If we can work out why you are seeing this, it would need a Fixes tag.

Otherwise I agree it makes sense to make this more robust, but it would need a different
commit message.

Thanks,

James

> diff --git a/arch/x86/kernel/cpu/resctrl/rdtgroup.c b/arch/x86/kernel/cpu/resctrl/rdtgroup.c
> index f276aff521e8..b4a817ae83ab 100644
> --- a/arch/x86/kernel/cpu/resctrl/rdtgroup.c
> +++ b/arch/x86/kernel/cpu/resctrl/rdtgroup.c
> @@ -2127,8 +2127,15 @@ static int schemata_list_create(void)
> static void schemata_list_destroy(void)
> {
> struct resctrl_schema *s, *tmp;
> + struct rdt_domain *dom;
>
> list_for_each_entry_safe(s, tmp, &resctrl_schema_all, list) {
> + /*
> + * Clear staged_config on each domain before schemata list is
> + * destroyed.
> + */
> + list_for_each_entry(dom, &s->res->domains, list)
> + memset(dom->staged_config, 0, sizeof(dom->staged_config));
> list_del(&s->list);
> kfree(s);
> }

2022-09-27 21:28:48

by Reinette Chatre

[permalink] [raw]

Subject: Re: [PATCH] x86/resctrl: Clear the staged configs when destroying schemata list

Hi James and Shawn,

On 9/27/2022 6:06 AM, James Morse wrote:
> On 27/09/2022 03:54, Shawn Wang wrote:
>> Array staged_config in struct rdt_domain still maintains the original value when
>> resctrl is unmounted. If resctrl is mounted with cdp option and then remounted
>> without cdp option, field have_new_ctrl in staged_config[CDP_CODE] and
>> staged_config[CDP_DATA] will still be true.
>
> staged_config[CDP_DATA] is an array - its always 'true'. I think you mean
> staged_config[CDP_DATA].have_new_ctrl, which will still be true because it is only
> memset() when the schemata file is written to.
>
>
>> Since resctrl_arch_update_domains()
>> traverses all resctrl_conf_type, it will continue to update CDP_CODE and
>> CDP_DATA configurations, which can cause overflow problem.
>
> Only if its called with a stale staged config, and it should only be called when the
> schemata file is written to, which would memset() the staged config first.
>
>
>> The problem can be reproduced by the following commands:
>> # A system with 16 usable closids and mba disabled
>> mount -t resctrl resctrl -o cdp /sys/fs/resctrl
>> mkdir /sys/fs/resctrl/p{1..7}
>> umount /sys/fs/resctrl/
>> mount -t resctrl resctrl /sys/fs/resctrl
>> mkdir /sys/fs/resctrl/p{1..8}
>
> Thanks for the reproducer - but I don't see what could set have_new_ctrl in this sequence.
> You can't call apply_config() to set CPUs in the mask without that being set.
>
> Creating a new control group, (your mkdir step) shouldn't touch the hardware at all, as it
> should be left in its reset state from the last umount(), or setup.

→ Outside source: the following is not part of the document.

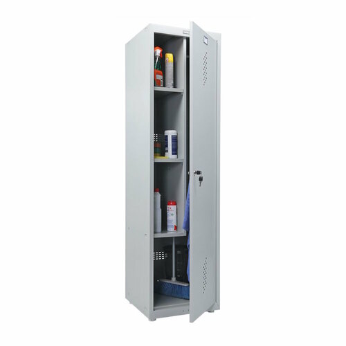 • ключевой замок «Практик» (2000 комбинаций) • вентиляционные отверстия • конструкция шкафов позволяет скреплять их между собой • возможность установки двери с правым или левым открыванием (по желанию заказчик изменяет направление открывания двери) • комплектация: вертикальная перегородка, 3 полки под хозяйственный инвентарь, держатель для швабры, крючки для одежды, перекладина для плечиков • в комплект поставки входят четыре регулируемые опоры (диапазон регулировки – 30 мм) • высота с установленными опорами – 1870 мм • поставляются в разобранном виде
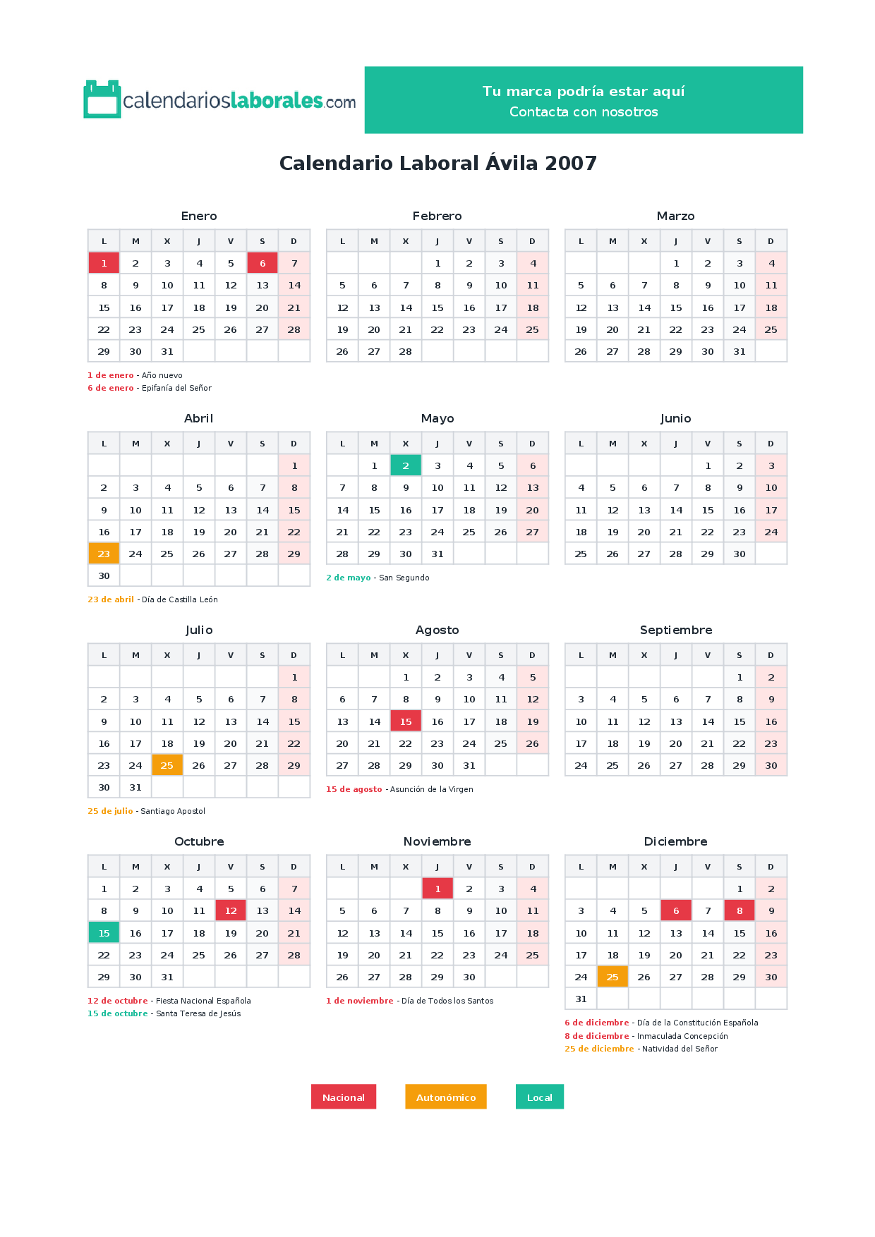 Calendario laboral Ávila 2007

There is an attempt to configure the hardware in the mkdir path:
rdtgroup_mkdir()->rdtgroup_mkdir_ctrl_mon()->rdtgroup_init_alloc()->resctrl_arch_update_domains()

This is required in support of the different resource group modes. When a new
resource group is created via mkdir the configuration should respect any
exclusive resource groups that exist at that point.

>
> I can't reproduce this on v6.0-rc7.
> Even if I dirty the configuration by writing to the schemata file, I can't reproduce this.
>

From what I can tell the reproducer is dependent on (a) whether hardware
supports CDP, and (b) the number of CLOSIDs supported by the system. The reproducer
works for hardware that has 16 CLOSIDs (see later).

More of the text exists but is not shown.